I don’t know if Tiger will win again. I don’t know how much golf he has in him. At 43-years-old with his body ramshackled together through so many surgical interventions, it is quite possible that retirement is near. Yet, whatever happens, I feel privileged to have watched not only a phenomenal golfer; I have observed a real transformation of a person.
I suppose I see a lot of myself in Tiger Woods. There are, certainly, many ways we are dissimilar. There are also ways we are similar. I relate to being on a journey of self-transformation. I can look back in hindsight and see myself driven to perform, as if some other person were at the wheel of my life; obsessed with being a successful and competent pastor (whatever the heck that really looks like); and, living with a compulsion for more knowledge, more insight, more skill. Conversely, I now find myself moving about the hospitals I serve with a bit of what I saw in Tiger yesterday – a patient and calm demeanor of being present to patients, and, with greater challenge, present to my own emotions and self.
So, today, and every day, I hope to be present. I don’t want to force myself to do ministry in that old compulsive sort of way, as if sheer willpower and dogged determination could bring about accomplishment of goals. No, I want to feel the freedom of spontaneous compassion and allow the Spirit to send me to patient rooms; to be relaxed and fully attentive to the person in front of me without thinking about lunch, the next visit, or anything else. I want to go home and be fully present to my wife, even to the ridiculous pester pup dog in front of me.
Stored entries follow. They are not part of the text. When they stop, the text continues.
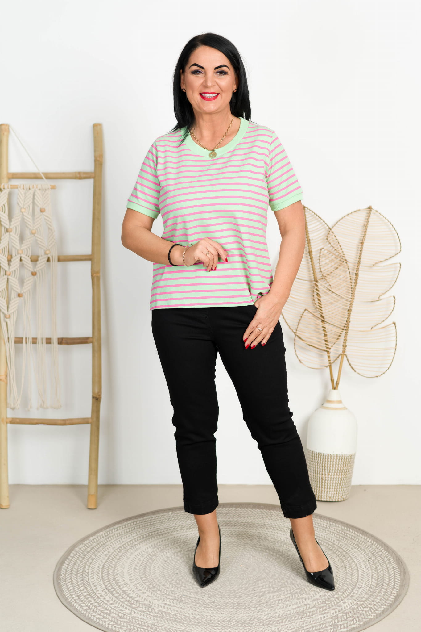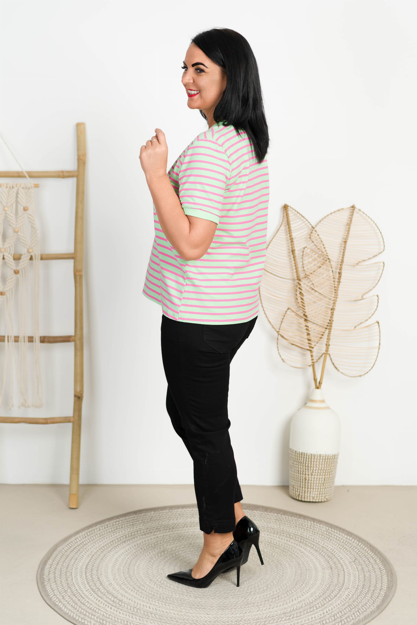 T-Shirt w paski ANASTAZJA pistacja-róż Plus Size 42-54
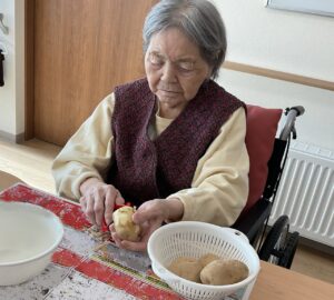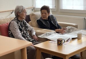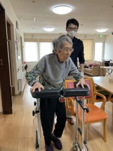 日常の生活では、訪問リハビリで身体状況観察をしてもらい個々に合った介助等の指導を受けています☆ソファーで談笑されたり調理のお手伝いをしていただいたりしながら穏やかに過ごされています😊
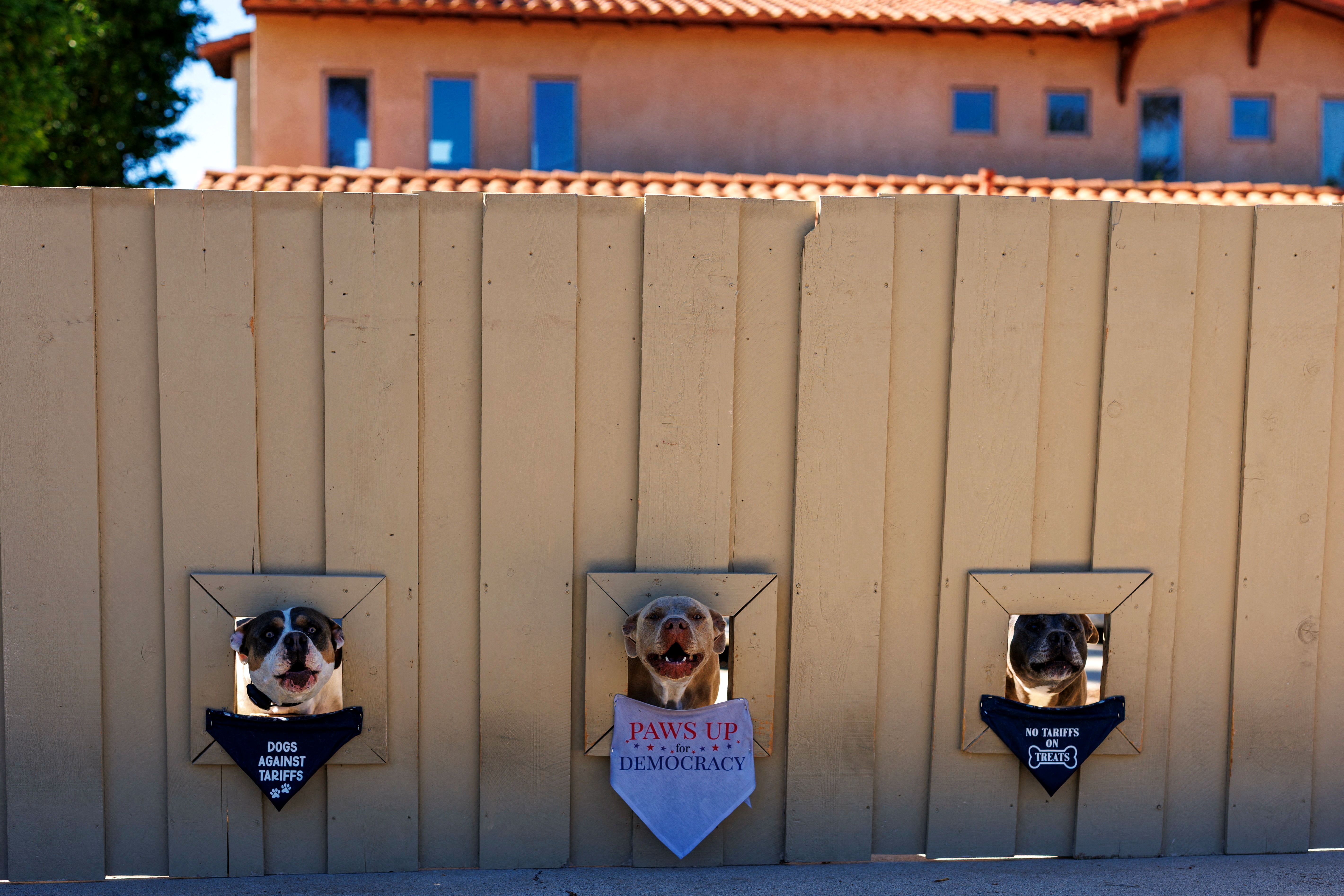 Dogs Buddy, Penny and Honey wait for the mailman from windows cut through a fence at their owners home in Encinitas, California, U.S. October 20, 2025. (Photo by Mike Blake/Reuters)
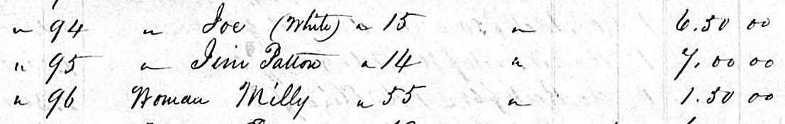 Joe & Milly 55 1853 August 17, 2016Full resolution (1107 × 175) ← Previous Next → My 2 X great grandfather Joe Turner and Milly from the 1853 probate file of Wiley Turner.
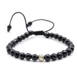 Bratara aur 14K cu snur negru reglabil, AR3341, cu biluta din aur 14K de 6 mm si onix fatetat 6mm
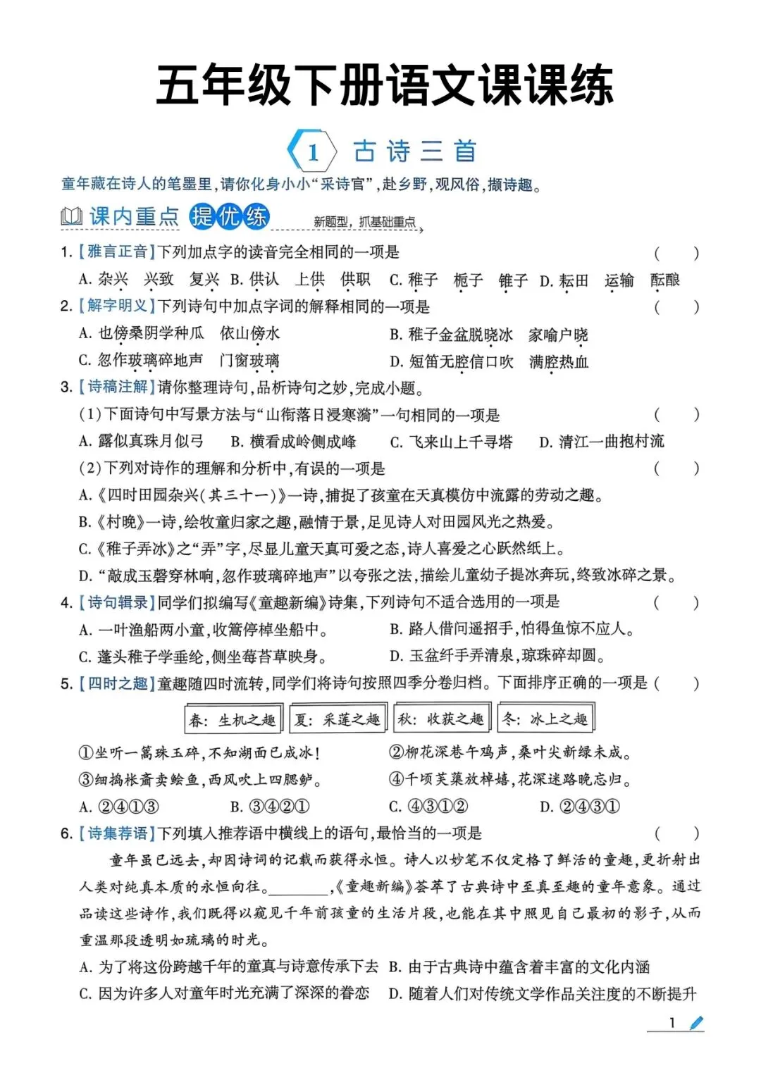 五年级下册语文同步学习,一课一练很关键!紧跟教材、夯实字词、突破阅读、巩固考点,帮孩子每天扎实进步,轻松应对单元测与期中期末。今天给大家整理全套语文课课练,同步课本、题型全面,家长可直接打印使用。

I want to be present to my girls and my grandsons without them seeing that look on my face that tells them I’m still at work, or off somewhere deep in my brain conniving ideas and forming thoughts for some future project or deadline. I want to be present to the God who is ever-present with me; who is always and fully attentive to the entire scope of my life – who joins me on the two-steps-backward-three-steps-forward herky-jerky personal walk – always exhibiting grace, patience, and demonstrating a calming presence with me.
I saw a glimpse of the divine in Tiger yesterday, which is perhaps why so many people later in the day commented that they responded with tears welling-up in their eyes, too. For we together saw connection, not compulsion; and, relationship, not self-retribution. Maybe that’s why I see so many patient tears. Maybe they see with me some of that divine presence. If so, I thank God for it.
There is a reason that a redemption story compels us and brings us to tears. We have a Redeemer who has displayed for us the ultimate drama of redemption. In this Christian Holy Week, believers in Jesus across the world remember that the King of all creation, the One to whom all things hold together, was humiliated, berated, tortured, and killed. He was laid in a tomb. His followers were beside themselves with grief, loneliness, and wondering what was going on and what was going to happen. Yet, death did not have the last word. Love conquered the grave. Suffering led to glory. The care of the One led to the care of the many.
As we journey together through this Holy Week, may we pay attention to the story of Jesus. May we be present in how our own individual stories fit into God’s grand narrative in the world. May we know the grace of redemption and of the Redeemer who makes it possible.